[COI] seen on another list: GLIF

http://www.glif.org/glif_main.html
Clinical practice guidelines and protocols are being applied in  
diverse areas including policy development, utilization management,  
education, reference, clinical decision support, conduct of clinical  
trials, and workflow facilitation. Many parties are engaged in  
developing guidelines, an arduous task with much redundancy and  
overlap among the resulting products, but there is little  
standardization to facilitate sharing or to enable adaptation to  
local practice settings.

GLIF is a specification for structured representation of guidelines.  
It was developed by the InterMed Collaboratory in order to facilitate  
sharing of clinical guidelines (Ohno-Machado, Gennari et al. 1998).  
The InterMed collaboratory was a joint project of medical informatics  
laboratories at Harvard (the Decision Systems Group at Brigham and  
Women's Hospital and Laboratory of Computer Science at Massachusetts  
General Hospital), Stanford, Columbia, and McGill Universities  
(Shortliffe, Barnett et al. 1996).
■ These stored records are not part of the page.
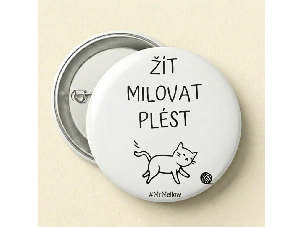 Placka se spínacím špendlíkem o průměru 4,5 cm s nápisem ,,Žít, milovat, plést."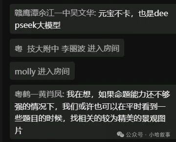 赣鹰潭余江一中吴文华元宝不卡,也是dee pseek大模型 粤技大附中李丽波进入房间 molly进入房间 粤鹤一黄肖凤:我在想,如果命题能力还不够 强的情况下,我们或许也可以在平时看到一 些题目的时候,找相关的较为精美的景观图 片 #公众号.小哈教事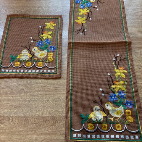 tekstil med blomsterbroderi. Kvadratisk stoffstykke med korsstingsbroderi av blomster og en sommerfugl i midten, samt bord rundt kanten. Tekstilet kan brukes som dekorativt bilde, putetrekk eller annet interiørprosjekt.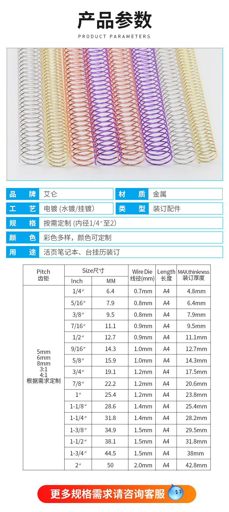 Buku catatan lepas-lembar Dongguan YO spiral logam tunggal, aksesoris penjilidan alat tulis, planner, penjualan laris lintas batas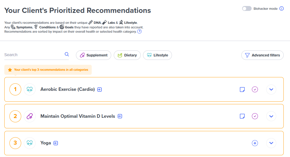 Recommendations are a curated, prioritized list of actionable interventions built specifically for each client. They combine genetic predispositions, uploaded lab results, intake forms, and lifestyle assessments into one place—so instead of reviewing multiple reports separately, you can start with a clear, data-driven action list right away.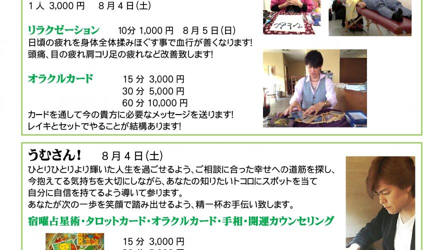 リラクゼーション 10分1,000円 8月5日(日)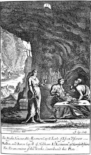 Description: Lot’s daughters seduce him after getting him drunk, as Sodom and Gomorrah burn in the background. In the distance, Lot’s wife has now become a pillar of salt after looking back toward the cities. As the numeral at the head of the page indicates, this is plate #17 in a series of illustrations. Additionally, the signatures of the artist, G. Freman, and the engraver, Johannes Kip (1653-1722), appear at the bottom.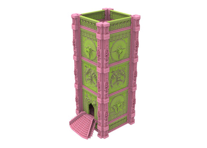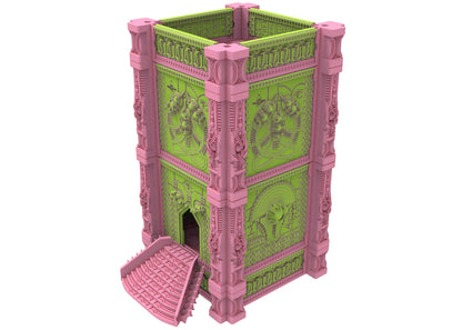 Tauche ein in eine außergewöhnliche Welt, in der Antike und Zukunft in einem atemberaubenden Schauspiel aufeinanderprallen. Diese modularen Gebäude eignen sich perfekt für den Einsatz in Tabletop-Spielen, Dioramen oder als Sammlerstücke. Die Designs sind hochdetailliert und mit ägyptischen Motiven und kybernetischen Elementen gestaltet, wodurch eine einzigartige Ästhetik geschaffen wird, die sicher beeindruckt.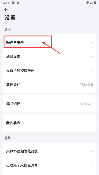 3、在設(shè)置頁(yè)面,點(diǎn)擊賬戶(hù)與安全選項(xiàng),進(jìn)入賬戶(hù)與安全頁(yè)面。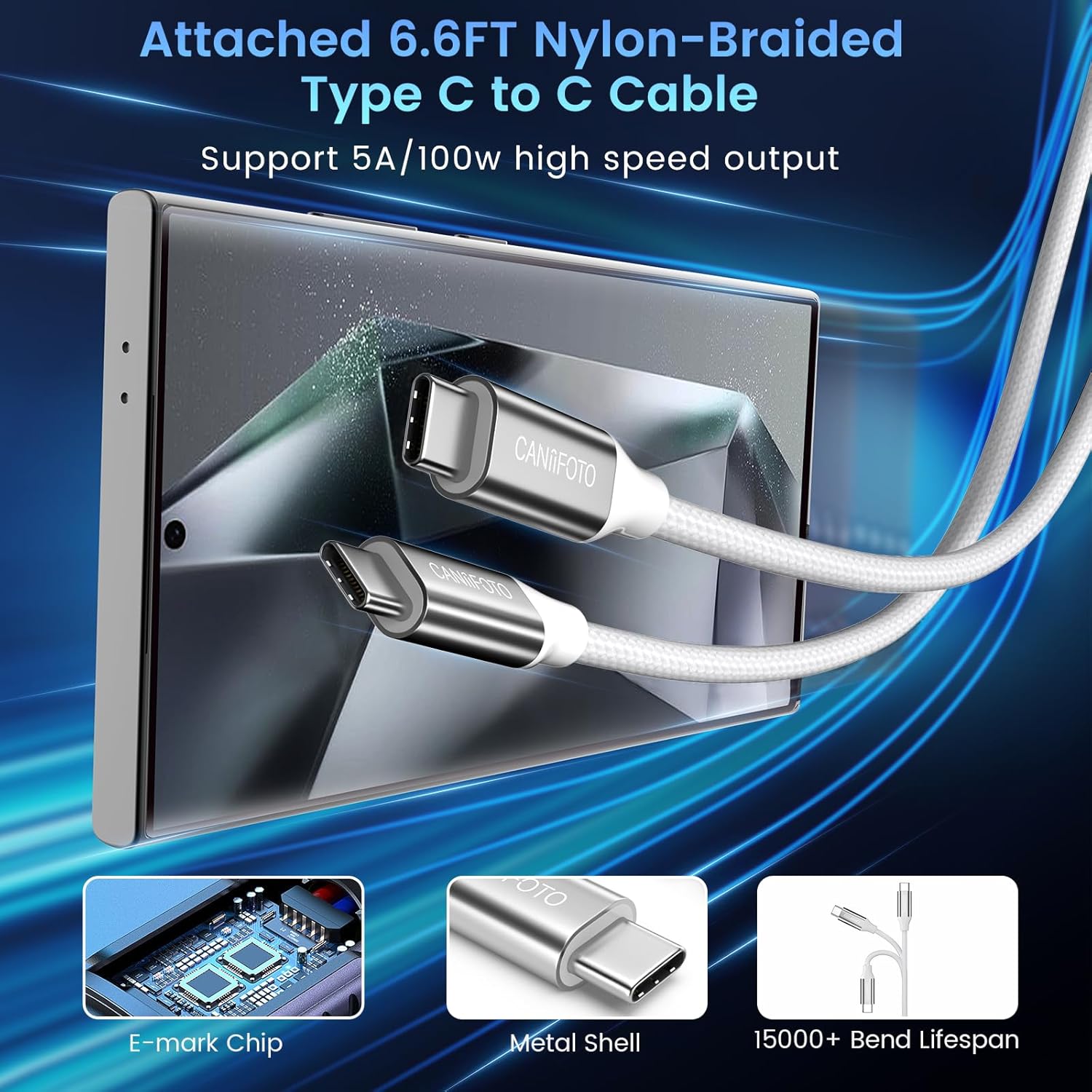 - 【2X 6.6FT Type C Cord】: This samsung galaxy s24 ultra charger kit come with 2pack 6.6ft/2m 100W Type-C charger fast charging cord, meticulously crafted with premium nylon braiding. The tangle-free cables provide the ultimate convenience, allowing you to comfortably charge your device from the comfort of your bed, couch, or office. Enjoy unparalleled flexibility and durability with galaxy charger fast charging cord.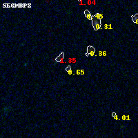Object #116 x,y = (1261, 3303) RA, Dec = (23:08:26.592, -2:10:40.44) = (347.11080, -2.17790) BPZ = 0.650 [0.369--2.618] type = 10.50 (SB11_A_0_l - SB3_B10) chisq2 = 0.50 ODDS = 0.21 z_cluster = 0.297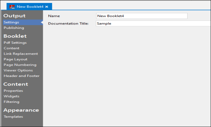 This action triggers the creation of a new booklet and opens the booklet Settings for editing. Here, you can customize settings according to your project preferences. - Enter the name you want for your project in the Name field and the title for your documentation in the Documentation Title field.

That work is being continued under  
new funding by a subgroup of the InterMed collaborators, including  
the Decision Systems Group at Harvard, McGill, Columbia, Stanford,  
and the American College of Physicans-American Society of Internal  
Medicine. The objective of the GLIF specification is to provide a  
representation for guidelines that have the following characteristics:

* Precise
* Non-ambiguous
* Human-readable
* Computable (in the sense that guidelines specified in GLIF may be  
used for computer-based decision support)
* Independent of computing platforms (thus enabling sharing of  
guidelines)

Version 2.0 of GLIF (GLIF2) was published in 1998 (Ohno-Machado,  
Gennari et al. 1998). That version of GLIF has been the basis for  
several implementations of guideline-based applications, including  
one in the Brigham's BICS information system (Zielstorff, Teich et  
al. 1998). Web-based applications for driving clinical consultations  
(Boxwala, Greenes et al. 1999), and applications that search for  
eligible clinical protocols (Ohno-Machado, Wang et al. 1999).